Key Takeaways From Coca-Cola's 4th Quarter Earnings

Company says its wide brand portfolio should drive growth in the future

Author's Avatar
Feb 19, 2018
Article's Main Image

The U.S. multinational beverage corporation Coca-Cola (KO, Financial) posted fourth quarter earnings on Friday that surpassed estimates both in terms of earnings and revenue.

Looking back, the company’s sales have been declining over the past several quarters due to feeble demand in budding and developing markets due to shifts in consumer preferences. As far as this quarter is concerned, profits topped analysts’ expectations, thanks to a growing beverage portfolio and reformulations.

Diving into the numbers

Coca-Cola’s adjusted earnings per share for the quarter were 39 cents per share, which was 1 cent more than what was expected. Quarterly revenue stood at $7.51 billion versus $7.37 billion projected.

By contrast, the beverage giant reported a GAAP net loss of $2.75 million or 65 cents a share, which was down from net income of $550 million or 13 cents a share reported in the same period last year. Organic sales during the quarter grew 6% year-over-year while the same grew 3% for the whole year. Owing to the new U.S. tax laws, Coca-Cola had to incur a one-time tax charge of $3.6 billion during the fourth quarter.

Bird’s-eye view

The beverage behemoth saw tremendous growth in developed markets such as Europe and North America, owing to strong performance at the recently refranchised regions, higher prices and improved packaging.

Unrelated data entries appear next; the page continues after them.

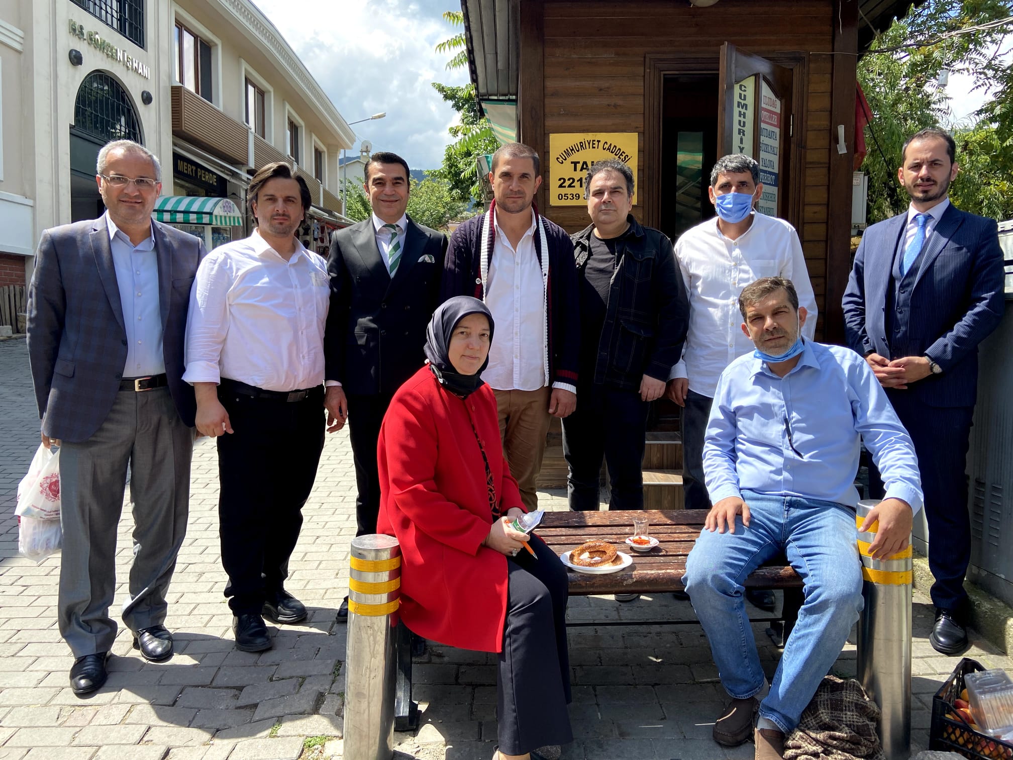 AK Parti Bursa Milletvekili ve Genel Merkez Kadın Kolları Teşkilat Başkanı Emine Yavuz Gözgeç dün “simit bizden, çay sizden” deyip Cumhuriyet Caddesi esnafını ve taksi durağını ziyaret etti.
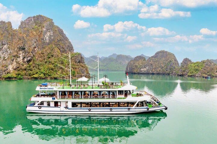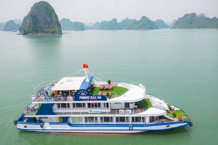 Lunch on board . Enjoy a nice set-menu lunch. By local flavors in each dish, it vitally helps to recuperate after a 4-hour-car drive. In the meantime, Our Cruise goes among islets, islands that make Halong becomes wonderland.
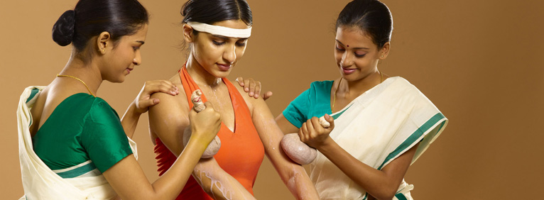 In this ayurvedic treatment process medicated rice (Njavara rice) in the form of boluses tied in muslin bags are applied externally. The boluses are dipped in mixture of milk and a brewed herbal decoction, and then applied all over the body to induce sudation.
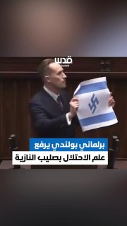 ポーランドの野党政党の政治家は、議会で六角星ではなく、十字記号が描かれた占領国の旗を掲げて次のように述べた。「イスラエルは新しい第三帝国であり、集団虐殺を行っており、これがイスラエルの旗だようだ。」
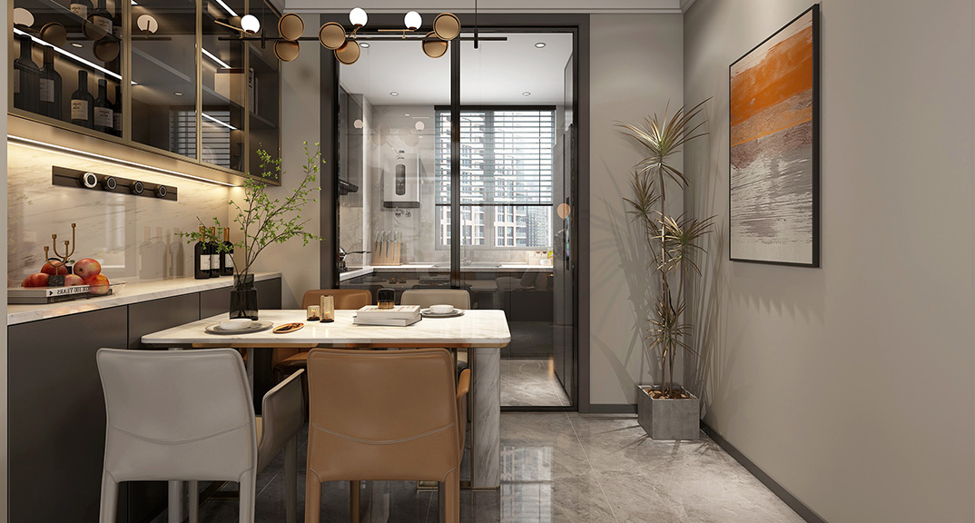 影都壹號127㎡三室兩廳餐廳意式輕奢風格裝修案例效果圖
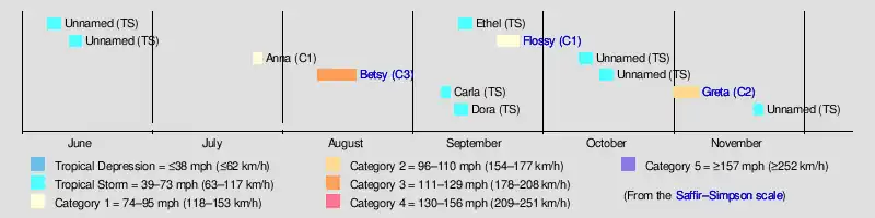 The season officially started on June 15, although an unnamed storm developed about a week prior over the western North Atlantic Ocean. A later storm that formed over the Gulf of Mexico on June 12 alleviated drought conditions in the south-central United States. Hurricane Anna developed in late July and hit Mexico. Tropical storms Carla and Ethel both formed near the Bahamas and moved northeastward until dissipating. The only hurricane that hit the contiguous United States was Hurricane Flossy. One of the final storms of the year, Greta, was an unusually large hurricane that produced high waves from Florida to the Lesser Antilles. It developed in the western Caribbean and moved across much of the southeastern United States, causing $24.8 million in damage and 15 deaths.

The company’s CEO James Quincey has had an important role to play in the company’s development since he took the helm. Coca-Cola has heavily invested in Honest Tea, Fairlife dairy and Suja Life LLC, which makes high-pressure processed juices and drinking vinegar. Coca-Cola has therefore become a beverage company with a broad brand portfolio. In fact, the company is looking for investment opportunities beyond its home market, such as in Central and Eastern Europe.

Coca-Cola also said it would bring back its biggest seller, Diet Coke. Despite its unimpressive sales, the company remains hopeful of its strong comeback as it plans to modify the flavor and enhance its packaging.

The company said it has all it takes to drive revenue in the future. Recently launched brands such as Coca-Cola Zero Sugar, FUZE Tea, AdeS plant-based beverages and smartwater will help the company drive 4% organic revenue growth.

Coca-Cola is also taking steps towards its e-commerce initiative. This will bring in several challenges for the beverage behemoth like improving online product placement and making apt use of Amazon.com’s Echo.

Guidance for 2018

As far as this year is concerned, the company expects organic revenue to grow to 4% while it projects comparable earnings per share to grow 8-10%. Coca-Cola expects operating cash flows to be at least $8.5 billion and operating income to grow 8-9%. The company plans to make capital spending of $1.9 billion, a larger chunk of which will go towards augmentation of digital capabilities.

Disclosure: I do not hold any position in the stock mentioned in this article.